**Problem to solve**
Reproduce exactly the line with "в Альметьевске купить" and every line that follows it below, up to and including the last one. Do not include pictures or anything else.

**Data shown**
------------------------

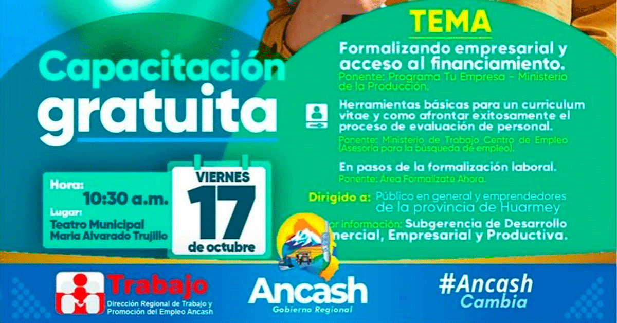Dirigido a: Público en general y emprendedores de la provincia de Huarmey.
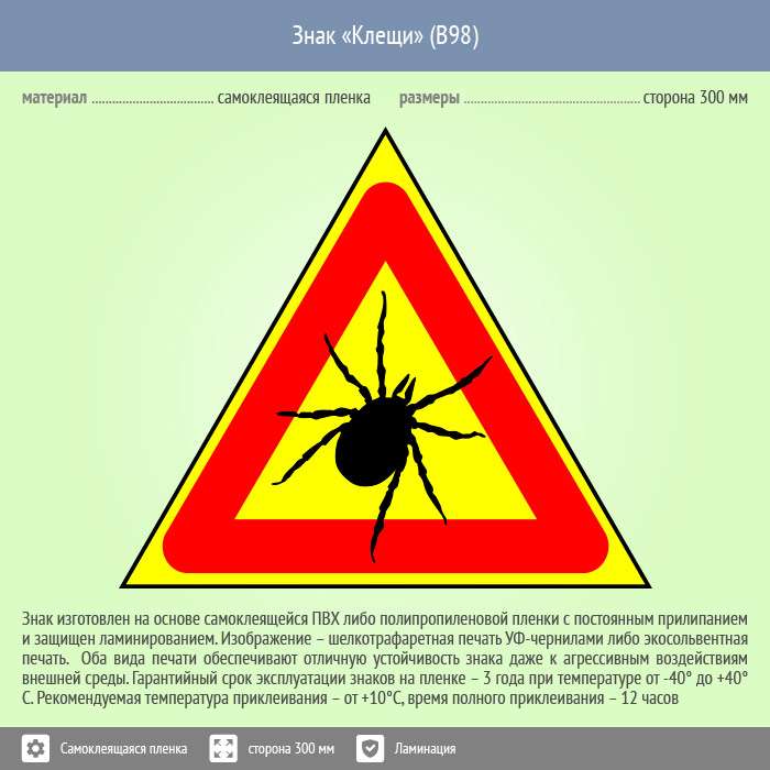 Знак «Клещи», B98 (пленка c ламинированием, сторона 200 мм) в Альметьевске купить
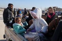 Displaced Syrian children and women ride in the back of a truck near a humanitarian crossing declared by the Syrian army in the village of Hamima, in the eastern Aleppo countryside, near the front line with the Kurdish-led Syrian Democratic Forces in Deir Hafer, Syria, Thursday, Jan. 15, 2026. (AP Photo/Omar Albam)
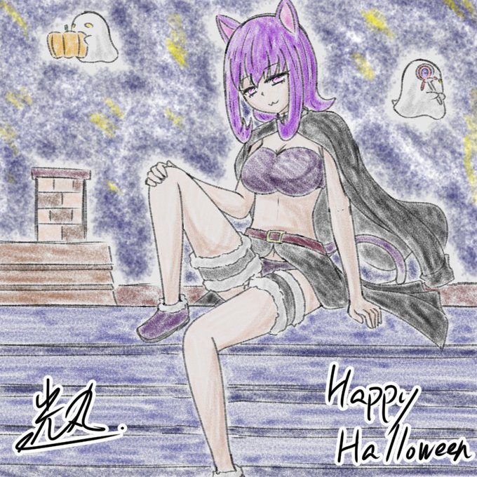 #イラスト #絵描きさんと繋がりたい #秋の創作クラスタフォロー祭り #ハロウィン #私と黒の用心棒 #光丸のハロウィン仮装大会 四人目 村山 睦美 × 猫娘 「あら?お菓子が欲しいの?ん~…ただあげるだけじゃつまらないしおいかけっこでお姉さんを捕まえられたらあげてもいいわ♪どう?やるかにゃ?」

------------------------

**Solution for this exercise**
 Знак «Клещи», B98 (пленка c ламинированием, сторона 200 мм) в Альметьевске купить
 Displaced Syrian children and women ride in the back of a truck near a humanitarian crossing declared by the Syrian army in the village of Hamima, in the eastern Aleppo countryside, near the front line with the Kurdish-led Syrian Democratic Forces in Deir Hafer, Syria, Thursday, Jan. 15, 2026. (AP Photo/Omar Albam)
 #イラスト #絵描きさんと繋がりたい #秋の創作クラスタフォロー祭り #ハロウィン #私と黒の用心棒 #光丸のハロウィン仮装大会 四人目 村山 睦美 × 猫娘 「あら?お菓子が欲しいの?ん~…ただあげるだけじゃつまらないしおいかけっこでお姉さんを捕まえられたらあげてもいいわ♪どう?やるかにゃ?」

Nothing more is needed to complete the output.